Rodriguez House

Place

Rodriguez House

Designed by master architect R. M. Schindler, the Rodriguez House is almost totally intact, serving as a vibrant and beautiful example of the architect’s innovative residential designs.

Master architect R. M. Schindler was well known for creating complex yet functional residential designs on a reasonable budget, so his design for the Rodriguez House stands out as an example of how they could be realized on a much larger budget.

Constructed for writer/composer Jose Rodriguez in 1942, the house sits on a gently sloping lot in Glendale and is set well back from the street. It is L-shaped in plan and is angled away from the street to optimize its orientation to the sun. The angled “L” also serves to enclose a large private garden accessible from multiple rooms and visible from almost all of them.

A smaller front garden is linked to the rear garden via a passageway that passes beneath a bedroom in the upper wing, which features a sleeping porch that further blurs the line between indoors and outdoors.

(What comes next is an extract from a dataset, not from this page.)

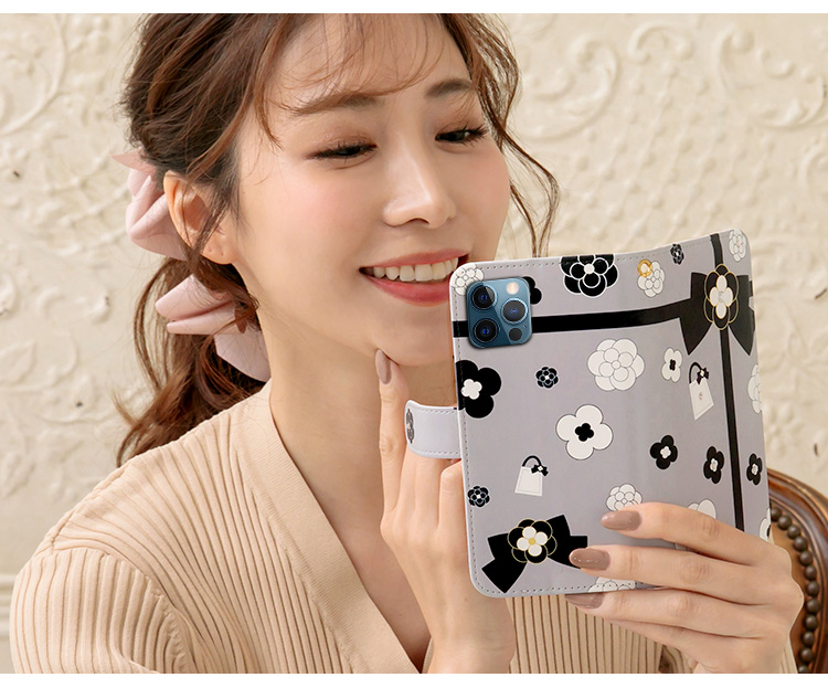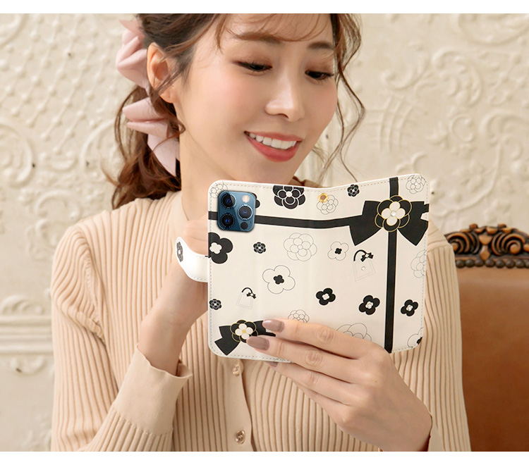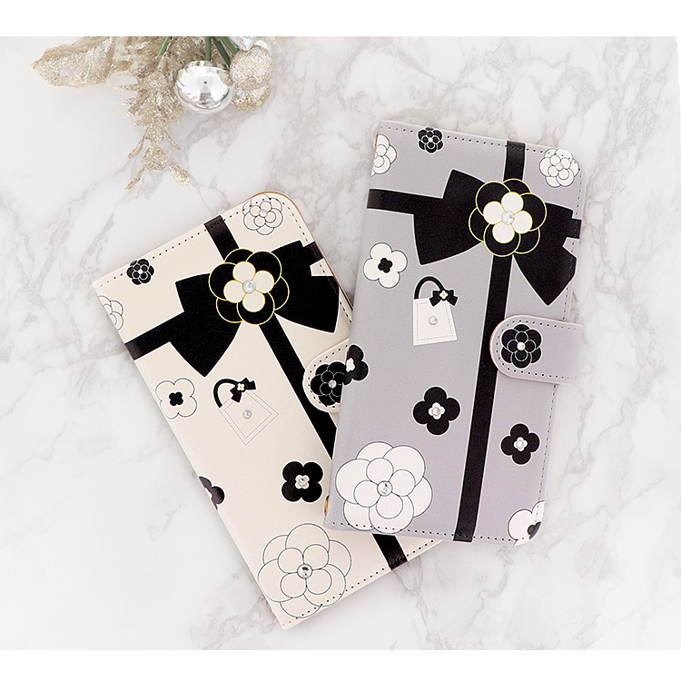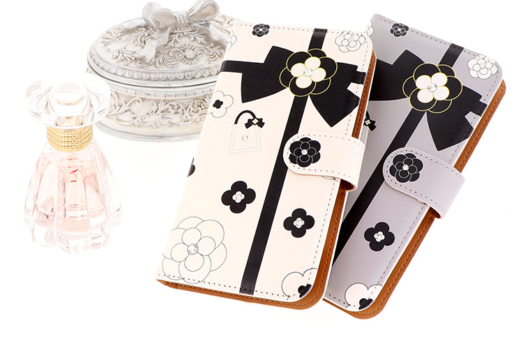 ケース カバー ジャケット iPhone7ケース iPhoneケース スマホケース スマホカバー スマートフォンケース 手帳型スマホケース 手帳型ケース オリジナル デコレーション デザイン かわいい 可愛い おしゃれ オシャレ 個性的 携帯ケース プレゼント 誕生日 贈りもの 彼女 彼氏 カードポケット付 人気 ディズニー モバイル 花柄 花 フラワー カメリア リボン りぼん ブラック ホワイト グレー 黒 白 灰色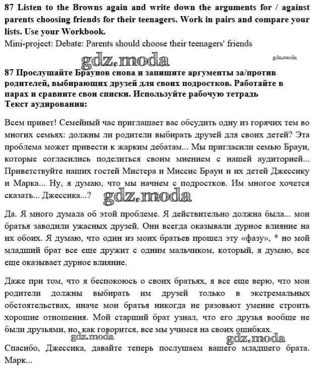 ГДЗ решение к заданию № 87 Английский язык 10 класс Enjoy English Биболетова М.З. Аст/Астрель 2016 ФГОС бесплатно на гдз.мода!

The house illustrates Schindler’s shift toward exposing structural members, with its wooden rafters and beams sitting solidly atop stucco and stone-veneer walls and framing large expanses of glass. Its scale is fairly modest and its volumes are light, with ample glass to help the building blend into its verdant surroundings.

It is in the interior that Rodriguez’s large budget is most apparent, with lavish finishes as well as Schindler’s trademark built-in furniture. The Rodriguez House is almost totally intact, serving as a vibrant and beautiful example of the architect’s innovative residential designs.